**Task instructions**
Return the data exactly, apart from leaving out the pictures.

**Data section**
== == ==

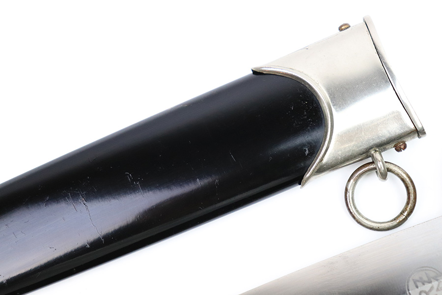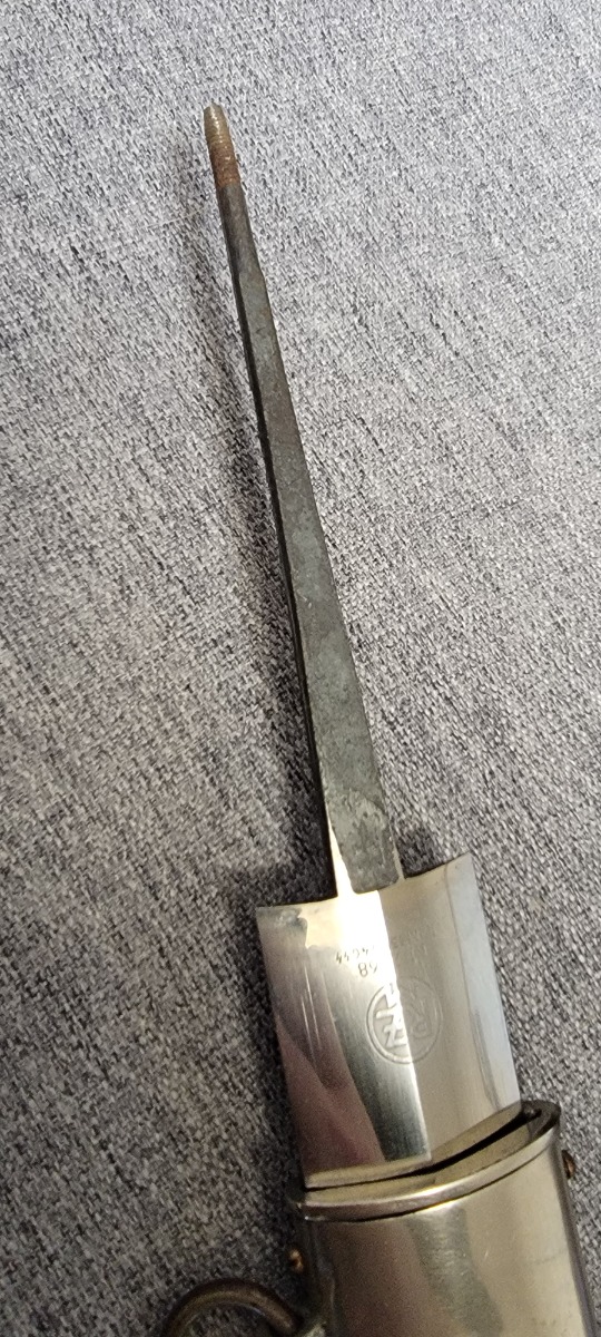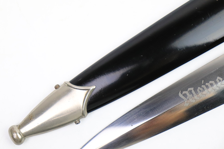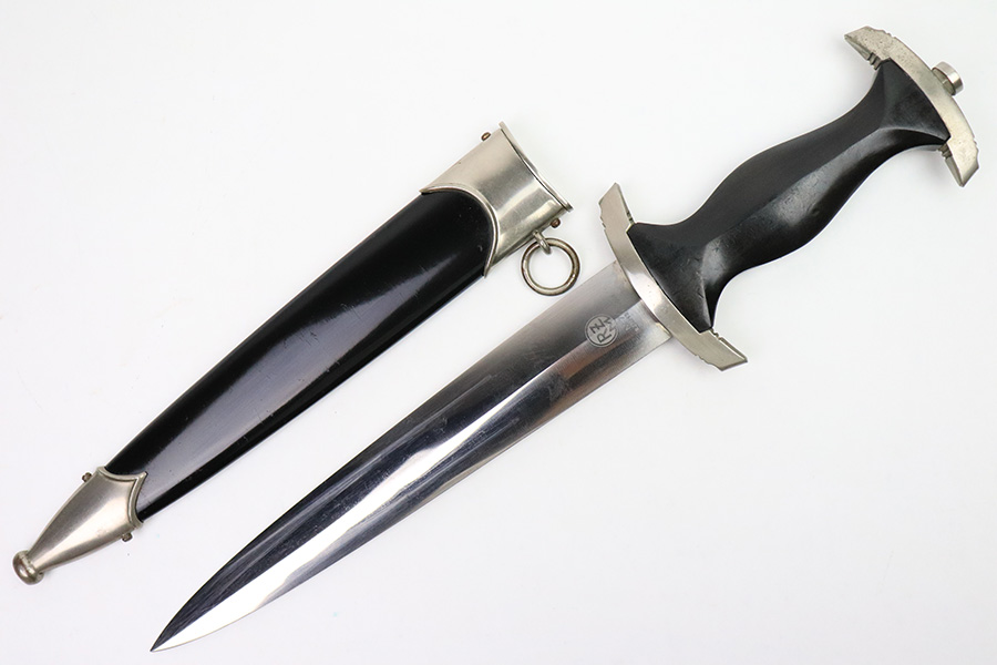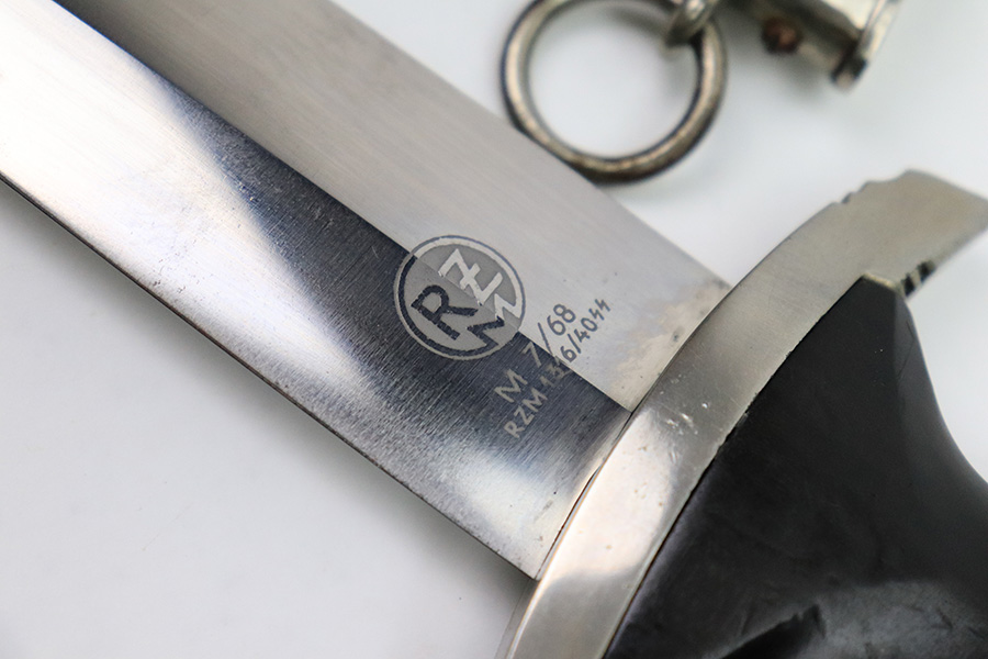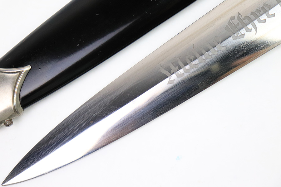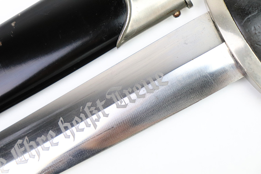 3/5/24 – This is an original SS Dagger with a RZM maker marking and contract number. The blade on this example is very clean and excellent overall with some mild surface scratching and scabbard wear. There’s a few small specks of discoloration, but this is very mild. The cross graining is visible throughout the blade. One side of the blade shows the SS motto, and the reverse is RZM maker and contract numbered. First is M7/68 for Lauterjung & Co. Underneath this is “RZM 1316/40SS” for contract number 1316 in 1940. The contracts go up to 1317, so this is likely a late 1940 production. The fittings are nickel with some mild surface patina and typical signs of aging. The wood grip is excellent with no chips or cracks. Comes with an excellent scabbard that has minimal paint loss and no dents.
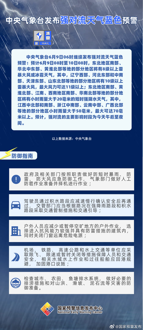 中央气象台6月9日06时继续发布强对流天气蓝色预警:
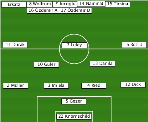 ------------------14 Naminat----- --Ersatz-8 Wolfrum-9 Incoglu-15 Tirsina -------16 Özdemir A-17 Özdemir D-- --11 Durak------7 Luley-------6 Boz U ---------10 Güler-----13 Danila--- --2 Müller--3 Imiela-4 Ried----12 Dick ---------------5 Gezer----------- --------------22 Knörnschild-----

== == ==

**Task response**
 3/5/24 – This is an original SS Dagger with a RZM maker marking and contract number. The blade on this example is very clean and excellent overall with some mild surface scratching and scabbard wear. There’s a few small specks of discoloration, but this is very mild. The cross graining is visible throughout the blade. One side of the blade shows the SS motto, and the reverse is RZM maker and contract numbered. First is M7/68 for Lauterjung & Co. Underneath this is “RZM 1316/40SS” for contract number 1316 in 1940. The contracts go up to 1317, so this is likely a late 1940 production. The fittings are nickel with some mild surface patina and typical signs of aging. The wood grip is excellent with no chips or cracks. Comes with an excellent scabbard that has minimal paint loss and no dents.
 中央气象台6月9日06时继续发布强对流天气蓝色预警:
 ------------------14 Naminat----- --Ersatz-8 Wolfrum-9 Incoglu-15 Tirsina -------16 Özdemir A-17 Özdemir D-- --11 Durak------7 Luley-------6 Boz U ---------10 Güler-----13 Danila--- --2 Müller--3 Imiela-4 Ried----12 Dick ---------------5 Gezer----------- --------------22 Knörnschild-----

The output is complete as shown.